Live conversion tables in USD, CNY and INR, plus what the Shanghai premium is signalling right now.
Silver’s centre of gravity has shifted east. While global spot pricing still sets the headlines, the day-to-day story is increasingly being written in Shanghai, where China’s benchmark can trade well above Western levels when physical demand tightens and buyers need metal now, not later.
Latest snapshot: global spot silver is hovering near US$97.83/oz (the reference level used for the tables), while Shanghai’s benchmark translates into a higher local price when converted into dollars, highlighting a meaningful “China premium”.

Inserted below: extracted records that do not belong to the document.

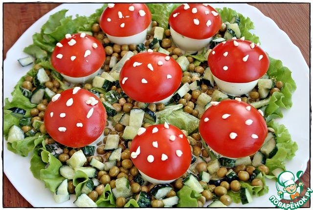 Салатик такой не помню, но мухоморчики очаровательны. Фотографии
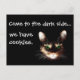 Felinos engraçados com atitude. Slogan "Venha para o lado negro...temos biscoitos" no cartão postal.
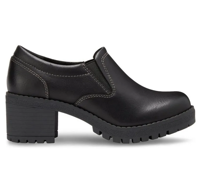 These slip-on oxfords deliver a polished, wear-anywhere look with comfort built right in. The smooth synthetic upper pairs with hidden elastic goring to create an easy, adaptable fit that moves naturally with your foot. A cushioned memory foam insole adds supportive softness for all-day wear, while the low block heel provides a subtle lift without compromising stability. Finished with a durable TPR rubber outsole and a classic round toe, this style blends timeless oxford details with effortless everyday comfort.
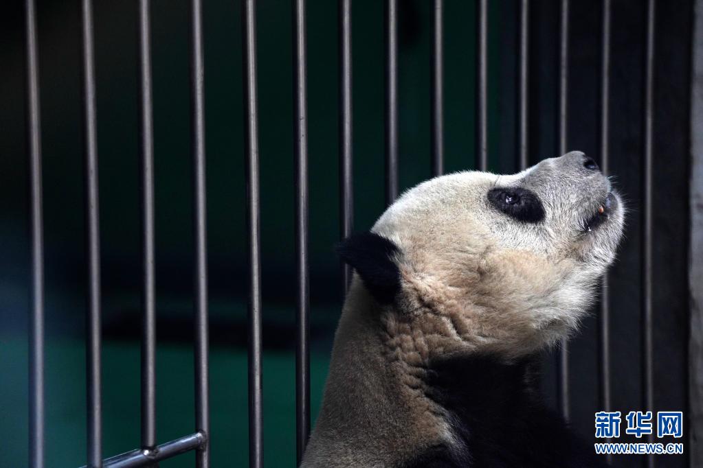 在北京动物园大熊猫馆拍摄的大熊猫“萌二”(4月21日摄)。新华社记者 鞠焕宗 摄
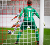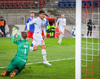 En náði ekki miklum krafti. Buchel í marki Liechtenstein varði.
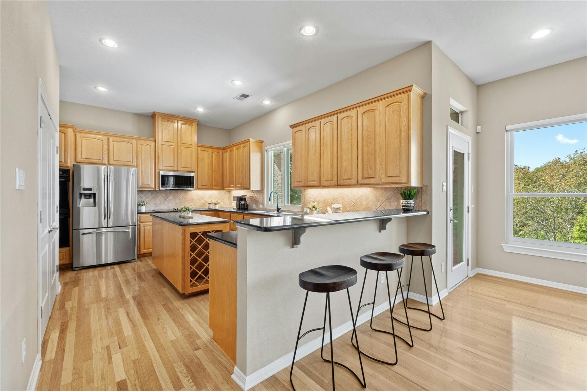 Seller is willing to do owner financing at a reasonable rate ask agent for details. This phenomenal custom home is located in the highly desirable community of River Chase. It feels like you are out in the country while only being one mile from IH35. This one acre private home site is located on a low traffic cul-de-sac with gorgeous hill country views from the deck and most rooms. Upon entry you will find a large flex space that could be used as a formal or study and can easily be converted into a private office with French Doors. The recently replaced Anderson double pane low-e windows and the Hunter Douglas Silhouette shades provide plenty of natural light. Everyday and formal dining can be utilized off the open eat-in kitchen space. The master suite features two closets and is separate from the other bedrooms for privacy. The secondary bedrooms feature an en-suite bath and a separate bath as well. A covered patio and open deck overlook the canyon for morning coffees and amazing sunsets. The low maintenance back yard can be enjoyed as is with countless possibilities a negative edge pool, adding grass, etc. The long-life, high-end metal roof complements the exterior and provides a traditional look. See list of features. This super convenient location is close to Wolf Ranch for shopping and restaurants and one of the newest HEB supermarkets.
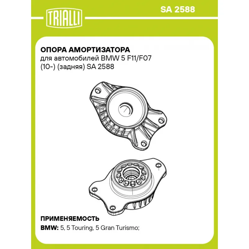 Опора амортизатора для автомобилей BMW 5 F11/F07 (10-) (задняя) SA 2588 TRIALLI
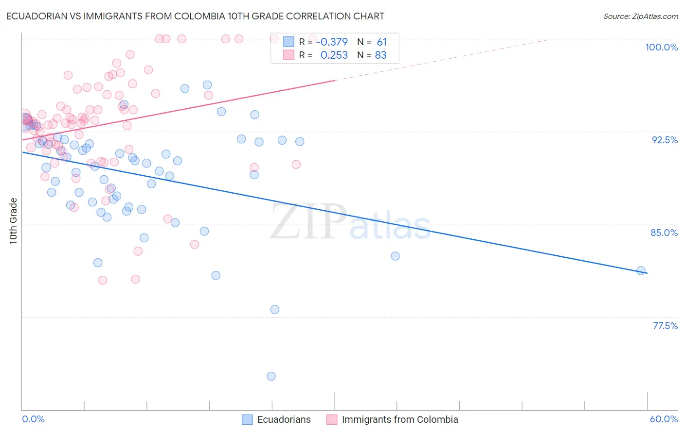 Ecuadorian vs Immigrants from Colombia 10th Grade Correlation Chart
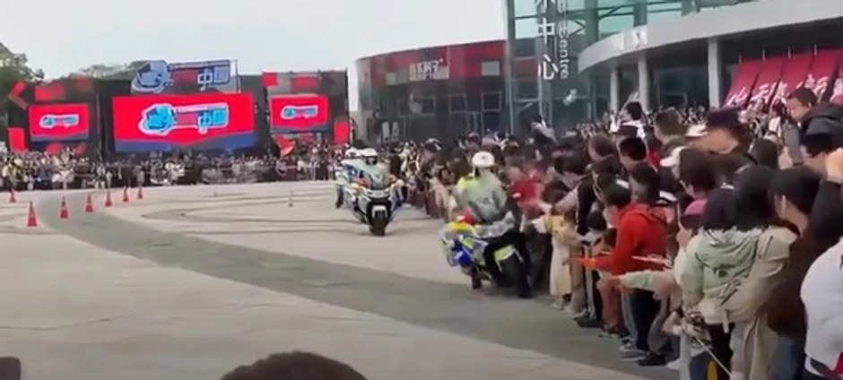 Tokom Dana otvorenih vrata u sedištu policije u Sužouu, u Kini, došlo je do teške nesreće. Policajka je izgubila kontrolu nad svojim motociklom i zabila se u posetioce. Posebno su stradala deca u prvom redu, koja su od siline udarca bukvalno odbačena u vazduh.
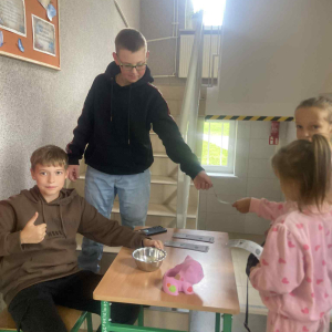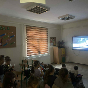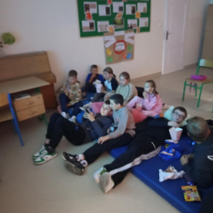 W czwartkowe popołudnie, 9 października, nasza sala zamieniła się w prawdziwe kino. Z inicjatywy Samorządu Uczniowskiego zorganizowano wyjątkowe popołudnie z filmem, podczas którego uczniowie klas I–VII spędzili czas w przyjemnej, kinowej atmosferze. Młodsi widzowie przenieśli się do barwnego świata animacji, oglądając „Zwierzogród” – pełną humoru i wartościowych przesłań opowieść o przyjaźni, odwadze i dążeniu do marzeń. Starsi uczniowie zobaczyli film „Za duży na bajki”, który w zabawny, ale i wzruszający sposób przypomniał, jak ważne w życiu są relacje, pasje i bliskość z innymi. Nie zabrakło również kinowych przysmaków– popcornu, napojów i słodkości. Wszyscy świetnie się bawili, a w szkole panowała radosna, filmowa atmosfera. Dziękujemy Samorządowi Uczniowskiemu za pomysł i organizację przedsięwzięcia.
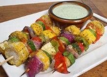 | Grilled Vegetables Recipe - RecipeTips.com red onion, vegetables, olive oil, pepper, parsley, ginger root, coriander leaf, coriander, pattypan squash, spring onion, garlic, zucchini/courgette, tomato, sweetcorn, salt, lime juice, sour cream, yogurt (plain) A tasty cilantro sauce enhances the wonderful grilled flavor of the fresh vegetables in this easy recipe. PREP 15 mins COOK 10 mins READY IN 25 mins Soak 12 wooden skewers in water for one hour....
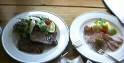左は豊後牛のタンステーキ、カボスをギュットしぼってこちらもおいしかった。
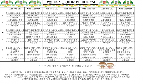 "금주의 식단 메뉴를 확인 할 수 있습니다."

This premium matters because Shanghai is a physically anchored market. When local pricing runs hotter than London and New York, it often points to real-world buying pressure: industrial demand, inventory stress, and a willingness to pay up for reliable delivery.
How these live tables are built: the global spot line uses a latest reference spot value, and currency conversions use mid-market USD→CNY and USD→INR rates. The Shanghai line uses the published SHAG benchmark (RMB per kilogram) and converts it to RMB per troy ounce using 1 kg = 32.1507 troy ounces, then converts into USD and INR using the same FX rates. Benchmark source: Shanghai Gold Exchange silver benchmark data.
| Market | USD/oz | CNY/oz | INR/oz |
|---|---|---|---|
| Global spot (reference) | $97.83 | ¥679.92 | ₹8,995.47 |
| Shanghai benchmark (SHAG, converted) | $130.38 | ¥906.11 | ₹11,988.48 |
Rounded estimates. Shanghai conversion is based on a published benchmark around 29,132 RMB/kg and standard troy-ounce conversion.
| Market | USD/g | CNY/g | INR/g |
|---|---|---|---|
| Global spot (reference) | $3.15 | ¥21.86 | ₹289.20 |
| Shanghai benchmark (converted) | $4.19 | ¥29.13 | ₹385.47 |
1 troy ounce = 31.1035 grams.
| Market | USD/kg | CNY/kg | INR/kg |
|---|---|---|---|
| Global spot (reference) | $3,145.31 | ¥21,857.72 | ₹289,201.12 |
| Shanghai benchmark (published) | $4,191.60 | ¥29,132.00 | ₹385,473.57 |
Shanghai benchmark is shown in RMB/kg and converted into USD and INR using mid-market FX rates.
So what’s driving Shanghai right now? When China pays a premium for silver, the simplest explanation is usually the most useful one: there’s demand that needs to be met immediately. Industrial buyers in electronics, solar supply chains, and specialised manufacturing don’t shop for headlines; they shop for delivery certainty. If near-term availability tightens, the local price can lift even if Western futures traders cool down.
Why the premium matters globally: sustained Shanghai strength can redirect physical metal flows toward Asia. That can tighten availability elsewhere, and it often forces global spot prices to adjust upward over time. If the gap stays wide, it becomes a practical signal rather than a talking point.
What to watch next: the daily swing matters less than whether Shanghai keeps holding a higher clearing price. If the benchmark stays elevated relative to global spot, it suggests physical demand is still pressing against supply. If the premium narrows sharply, it can hint at easing local tightness or a shift in risk appetite.
For readers tracking Shanghai first and foremost, the takeaway is straightforward: Shanghai isn’t just following global silver anymore. In tight conditions, it can lead, and the tables above let you see that leadership in three currencies at a glance.